Por primera vez la puerta de su habitación estaba cerrada. ¿En qué momento se había hecho mi hermano tan mayor como para cerrar la puerta? Siempre fue celoso de su intimidad, no creáis, y no dejaba a nadie hurgar en sus cosas. Lo guardaba todo bajo llave en el armario grande del abuelo. Ese que estaba al fondo y que olía a alcanfor. A ninguno nos importaba. Primero porque era un pequeñajo y ni mis hermanos ni yo creíamos que pudiera guardar nada interesante allí. Y segundo porque el armario era feo a reventar y desprendía un olor a viejo que no nos invitaba ni a acercarnos. Tampoco comprendimos nunca cómo siendo el peque tan miedoso era capaz de dormir en esa habitación con ese armatoste al fondo. Quizá por eso dejaba siempre la puerta abierta, para tener a mano una vía de escape en caso de apeligro.

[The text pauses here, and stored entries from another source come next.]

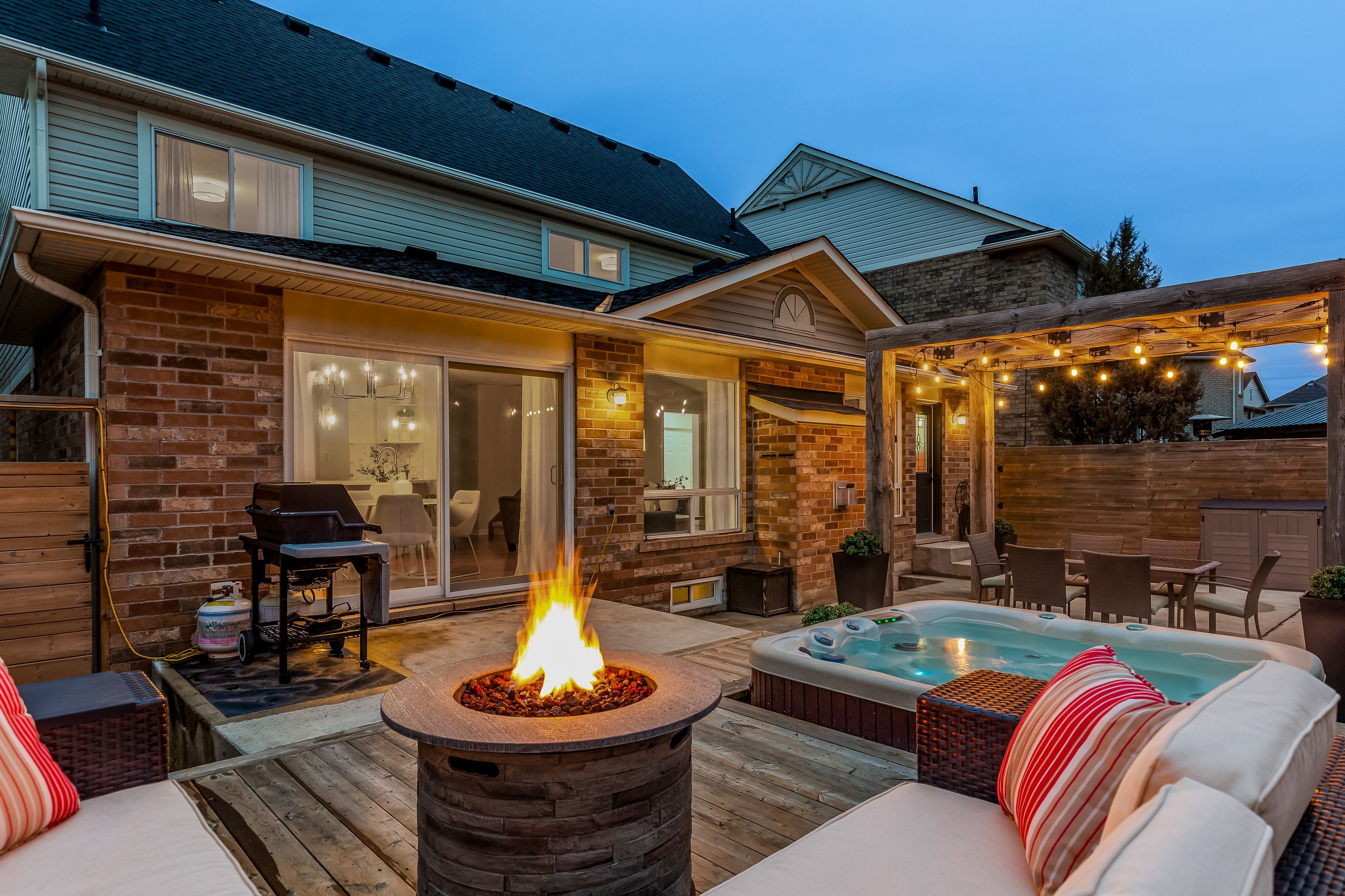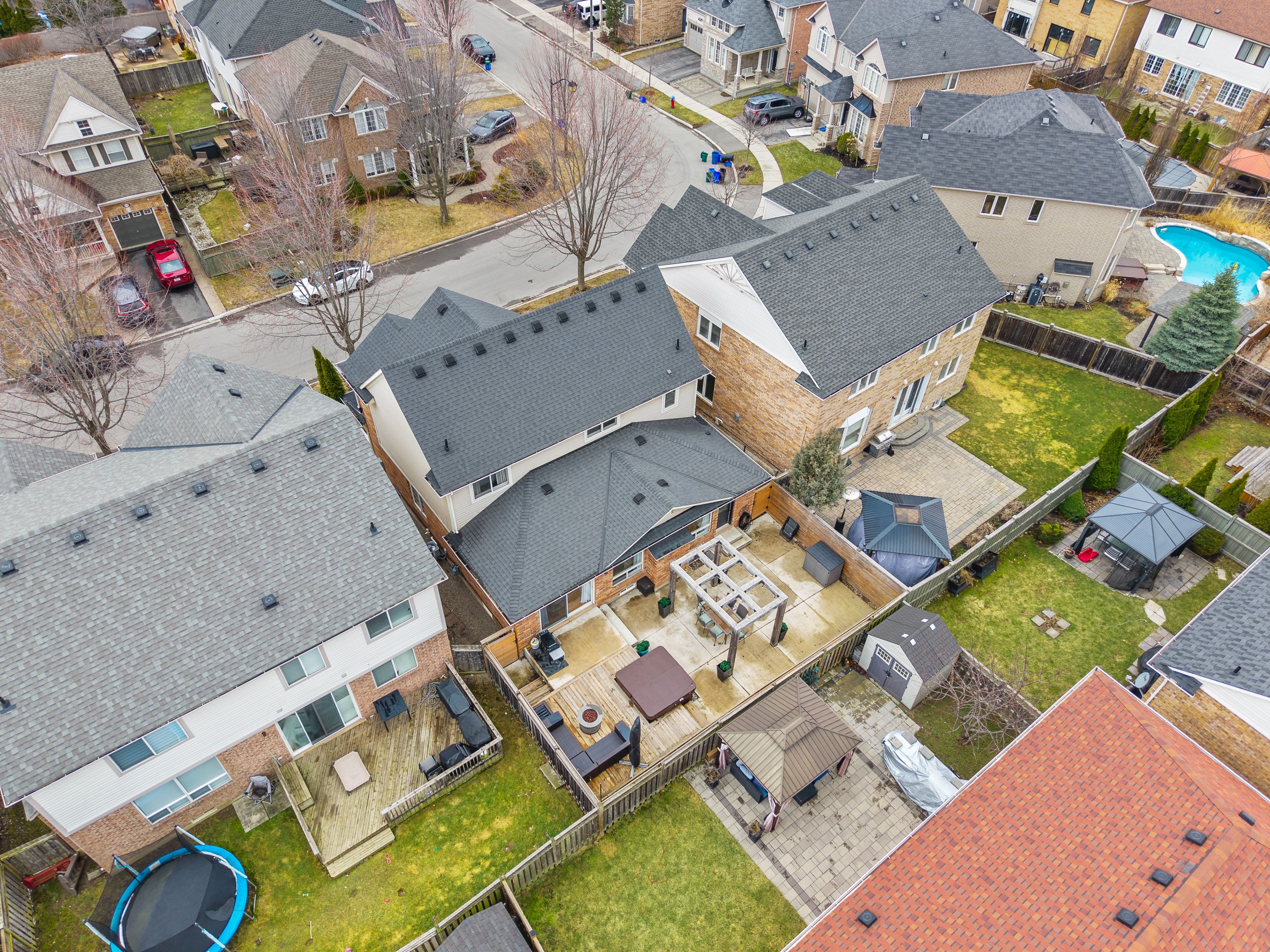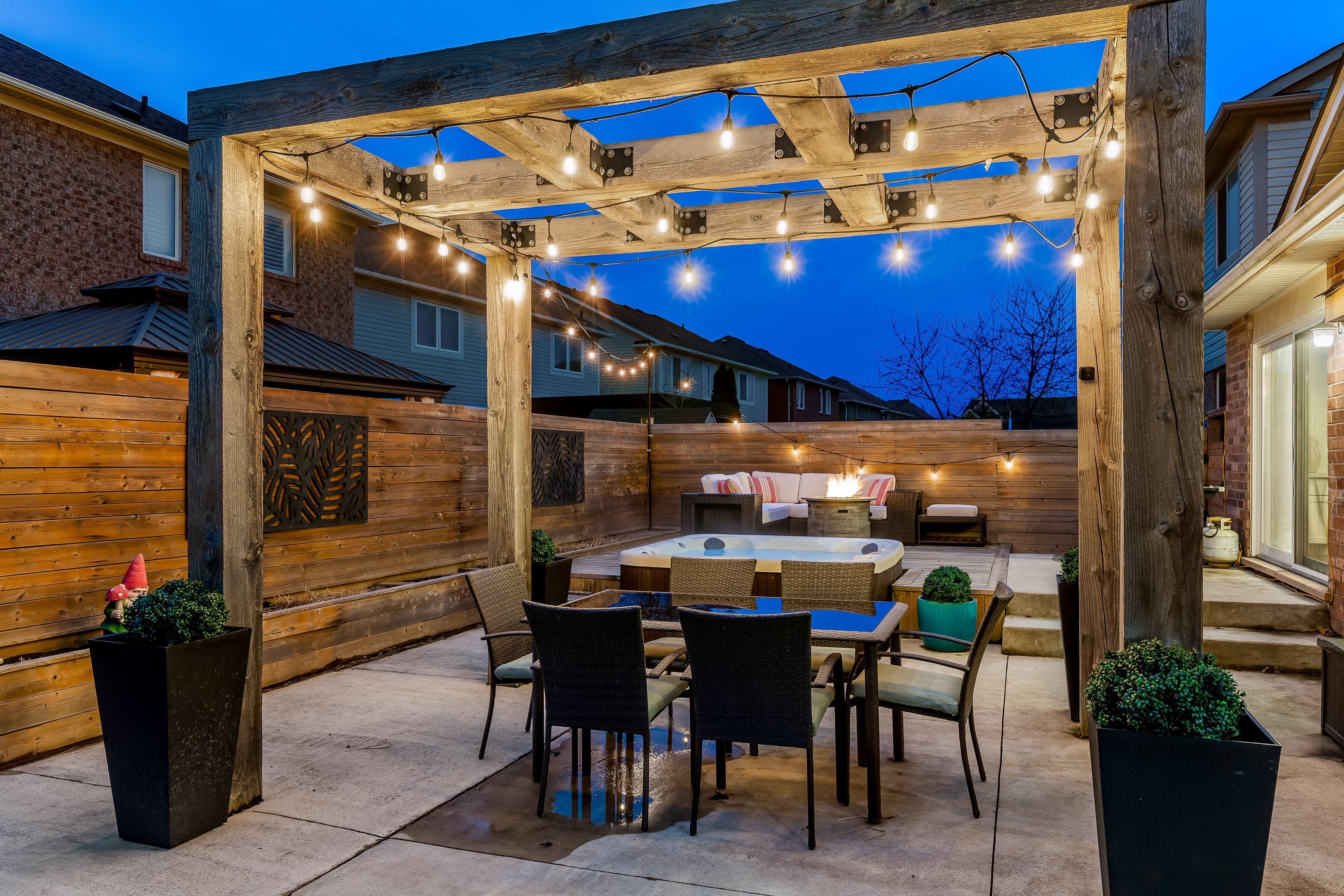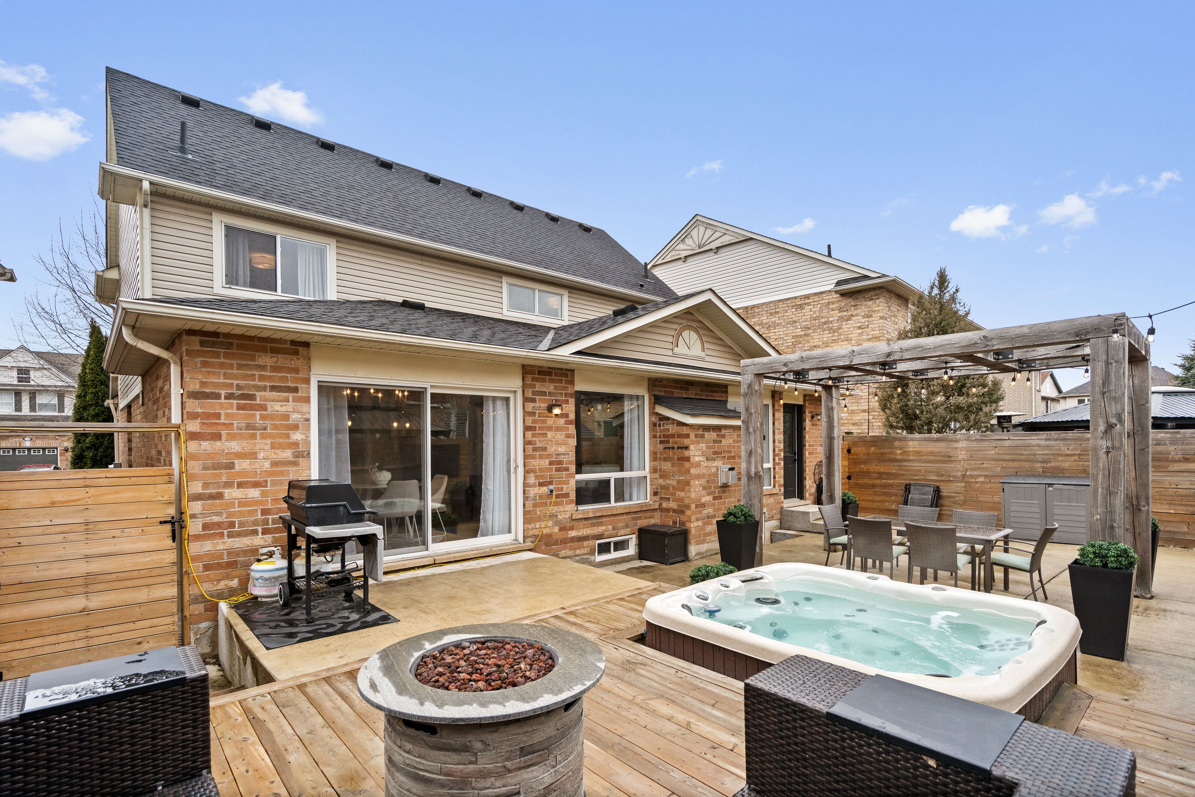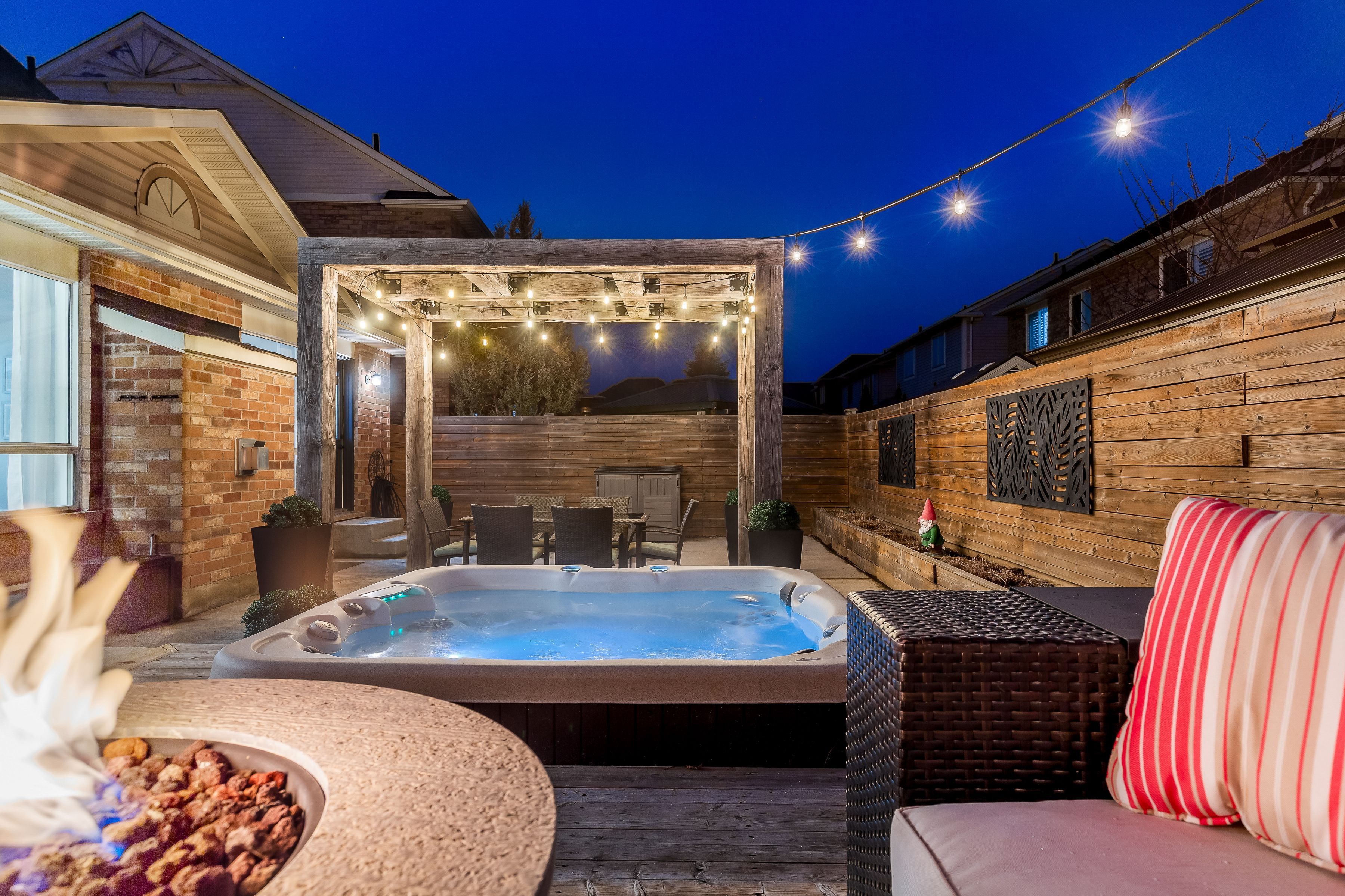 • Backyard features hot tub, custom pergola, and low maintenance design.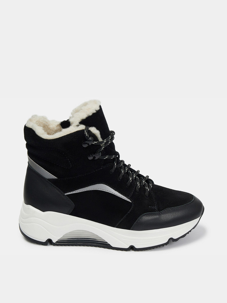 Больше картинок (информации) и таблица размеров на странице. Женские зимние кроссовки черного цвета. Верх модели выполнен из качественной натуральной кожи. Подкладка и стелька утеплены мехом. Анатомическая колодка обеспечивает ногам комфорт. Толстая подошва из термоэластопласта отлично амортизирует и имеет хорошее сцепление с любой поверхностью. Модные повседневные кроссовки дополнят зимний спортивный и casual образы.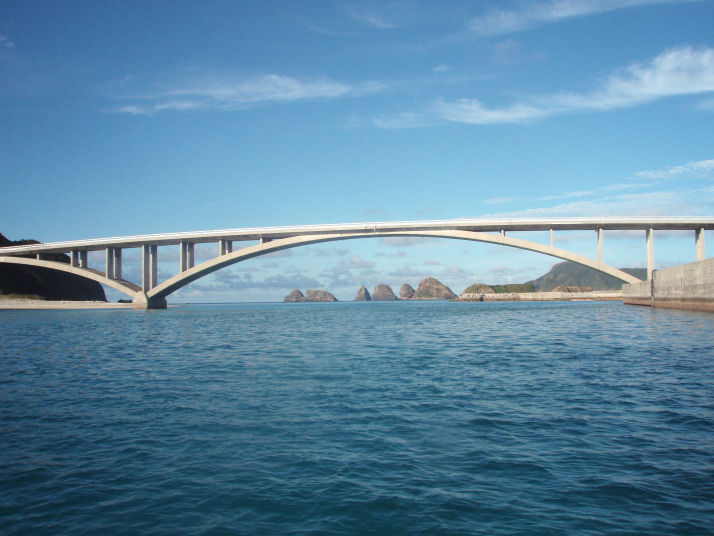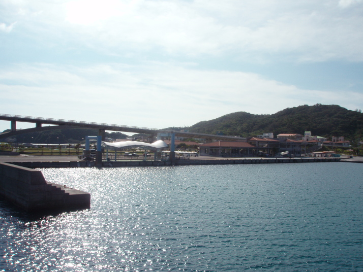 到着後すぐに「スーパー辰登城」でレンタル自転車を借りて、阿嘉大橋の上まで登って来ました。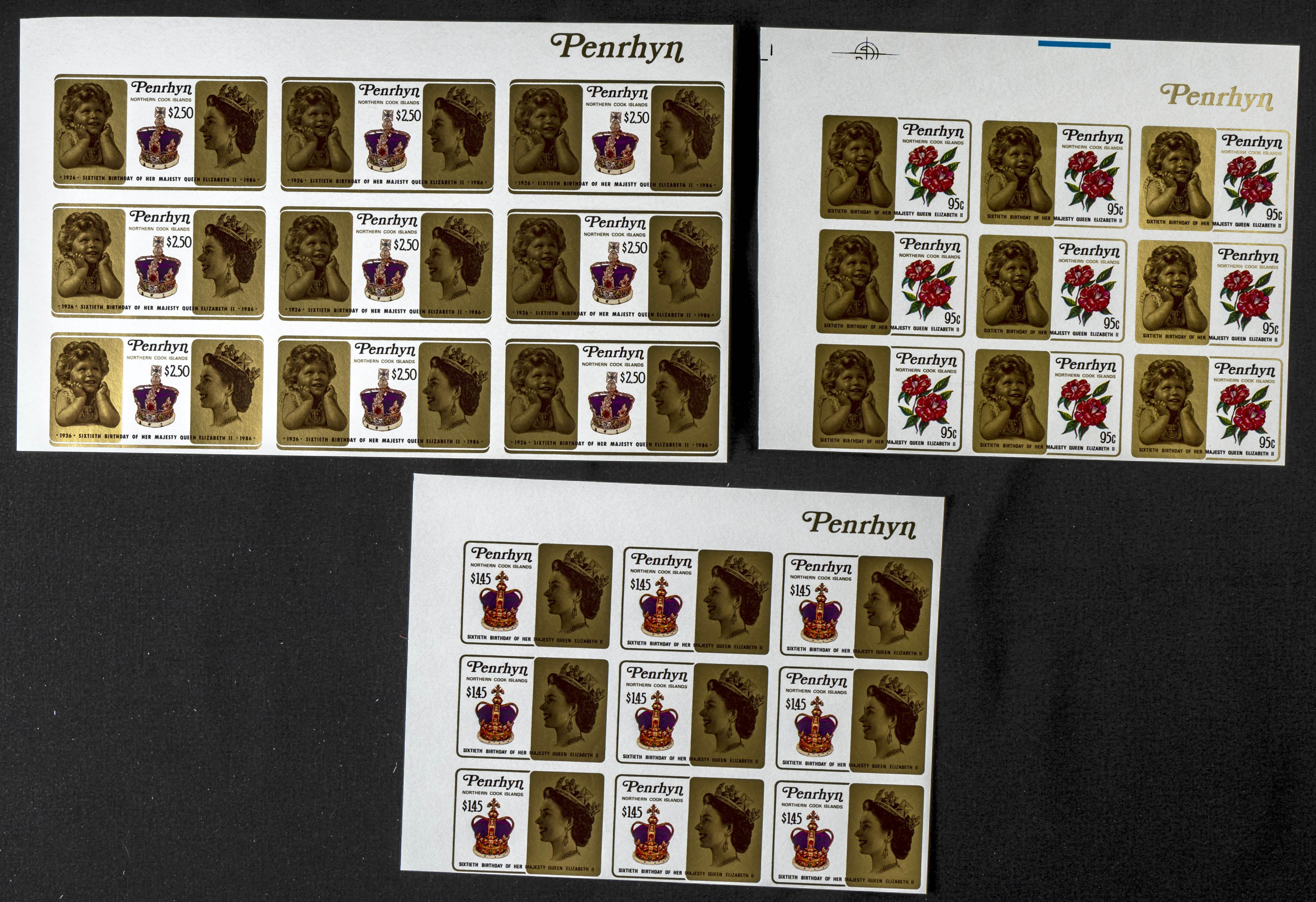★★Yvert 322/24. 1986. Elizabeth 60th birthday. Group of IMPERFORATED sets. TO EXAM.

Golpeé la puerta con todas mis fuerzas, pero nadie abrió. Me alejé un poco para coger velocidad y darle una patada, como había visto hacer en más de una película policiaca. Pero oí como una música exótica y gente danzando y me detuve. Entonces la puerta se abrió sola dejando ante mis ojos la visión de una habitación oscura y vacía. Allí no había nada: ni música, ni gente bailando. Cuando mis ojos se acostumbraron a la oscuridad logré distinguir al peque que estaba sollozando acurrucado junto al armario. Le pregunté por qué lloraba y me señaló un objeto de cristal roto en el suelo. Era una bol de esas que recrean un paisaje en su interior y que, si le das la vuelta, cae la nieve. El abuelo nos la trajo como regalo al regresar de uno de sus viajes. Representaba un paisaje exótico, como hawaiano, con un volcán. Y al darle la vuelta el volcán soltaba un polvillo rojizo que caía sobre la ladera. A los pocos minutos todo volvía a estar tan quieto como al principio.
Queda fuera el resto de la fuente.